Stripping analysis of Pb2+ and Hg2+ in deveined shrimp and eggshells using a H2bpabza/MWCNT–modified graphite electrode
Abstract
A novel synthesis was performed of asymmetrical carboxamide ligand N,N′-bis(2-pyridinecarboxamide)-2-aminobenzylamine (H2bpabza) derived from 2-pyridinecarboxylic acid and 2-aminobenzylamine. The N,N′-bis(2-pyridinecarboxamide)-2-aminobenzylamine (H2bpabza) ligand was confirmed by ultraviolet-Visible (UV-Vis), Fourier transform infrared (FT-IR), and Raman spectroscopy. The fabrication of N,N′-bis(2-pyridinecarboxamide)-2-aminobenzylamine (H2bpabza) embedded in a multi-walled carbon nanotube (MWCNT)-modified graphite electrode (GE) for use as an electrochemical sensor of Pb2+ and Hg2+ was demonstrated. The performance of the H2bpabza/MWCNT electrode and (Pb2+ and Hg2+–H2bpabza)/MWCNT was investigated by scanning electron microscopy (SEM) and square wave anodic stripping voltammetry (SWASV). In comparison to the MWCNT electrode, the H2bpabza/MWCNT electrode exhibited higher sensitivity and conductivity, as determined by cyclic voltammetry (CV) and electrochemical impedance spectroscopy (EIS). Stripping analysis and detailed experiments were conducted to establish the optimal parameters for deposition and stripping of metal ions, such as supporting electrolytes, pH, and accumulation time. The linear range was 2 to 140 μg L−1, with a detection limit of 0.1 μg L−1 for Pb2+ and 0.3 μg L−1 for Hg2+ (S/N = 3).
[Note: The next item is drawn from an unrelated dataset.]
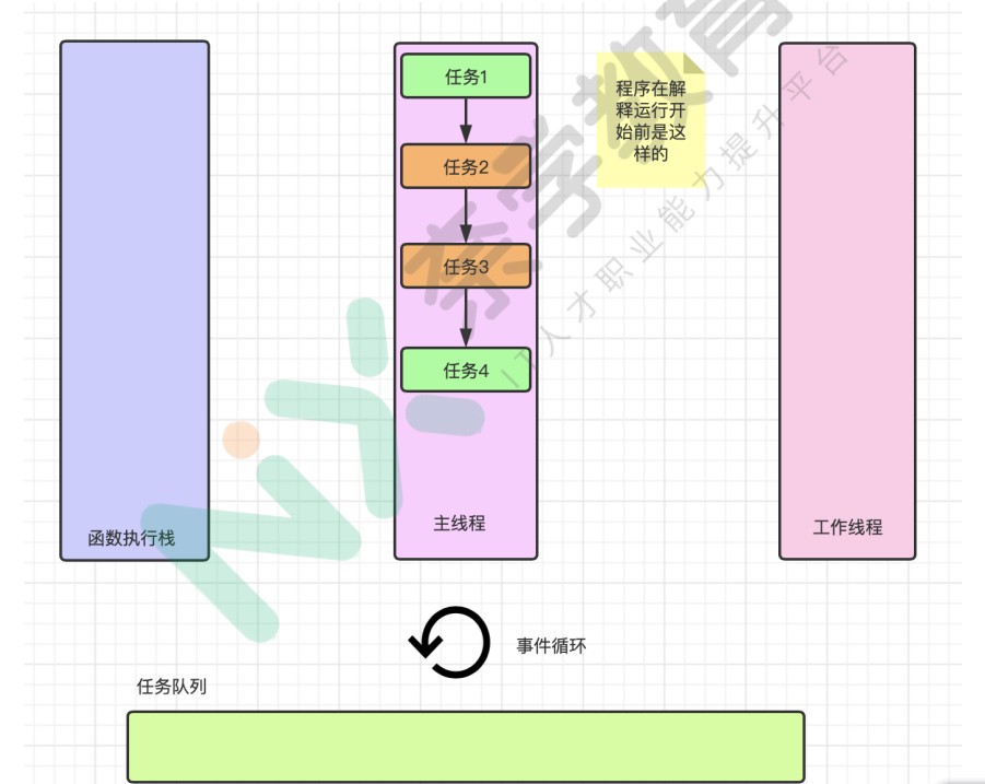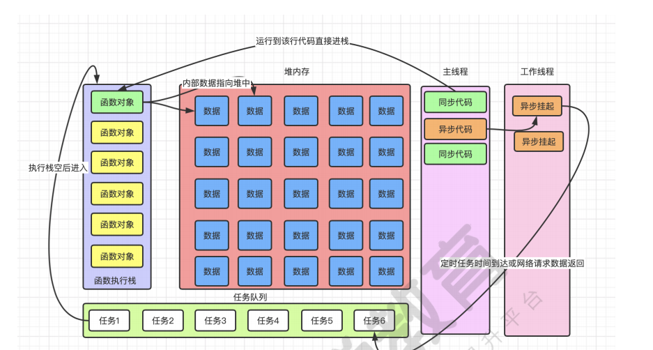 上图是JavaScript运⾏时的⼀个⼯作流程和内存划分的简要描述,我们根据图中可以得知主线程就是我们JavaScript 执⾏代码的线程,主线程代码在运⾏时,会按照同步和异步代码将其分成两个去处,如果是同步代码执⾏,就会直 接将该任务放在⼀个叫做“函数执⾏栈”的空间进⾏执⾏,执⾏栈是典型的【栈结构】(先进后出),程序在运⾏的 时候会将同步代码按顺序⼊栈,将异步代码放到【⼯作线程】中暂时挂起,【⼯作线程】中保存的是定时任务函 数、JS的交互事件、JS的⽹络请求等耗时操作。当【主线程】将代码块筛选完毕后,进⼊执⾏栈的函数会按照从外 到内的顺序依次运⾏,运⾏中涉及到的对象数据是在堆内存中进⾏保存和管理的。【1】(知识点,深浅拷贝,基本数据类型和引用数据类型)当执⾏栈内的任务全部执⾏完毕 后,执⾏栈就会清空。执⾏栈清空后,“事件循环”就会⼯作,“事件循环”会检测【任务队列】中是否有要执⾏的任 务,那么这个任务队列的任务来源就是⼯作线程,程序运⾏期间,⼯作线程会把到期的定时任务、返回数据的http 任务等【异步任务】按照先后顺序插⼊到【任务队列】中,等执⾏栈清空后,事件循环会访问任务队列,将任务队 列中存在的任务,按顺序(先进先出)放在执⾏栈中继续执⾏,直到任务队列清空。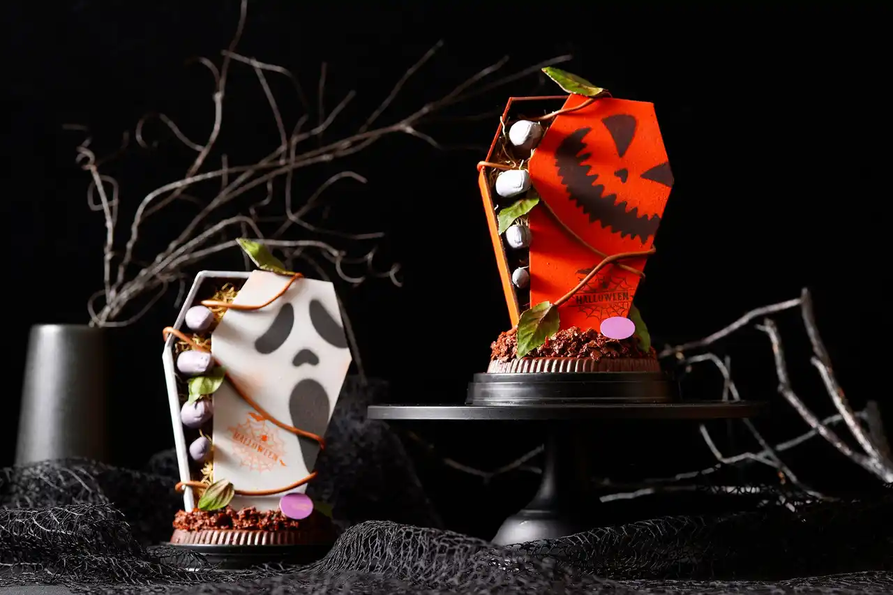 ハロウィンチョコレート「Mr.Scream」と「Mr.Jack」はハロウィンの夜、パーティーに参加しようと墓場からこちらの様子を伺っているシーンを象ったチョコレート細工です。棺桶の中にはサクサク食感のカダイフと濃厚で香ばしいアーモンドショコラを詰め、リアリティ溢れるおばけの指も上質なチョコレートで仕上げました。ハロウィン当日まで飾ってお楽しみいただいた後に召し上がっていただくのもおすすめです。 |

The H2bpabza/MWCNT-modified GE showed excellent sensitivity, selectivity, stability, and reproducibility for the determination of Pb2+ and Hg2+. Ultimately, the H2bpabza/MWCNT-modified GE was used to demonstrate the electrochemical sensing of Pb2+ and Hg2+ in deveined shrimp and eggshells.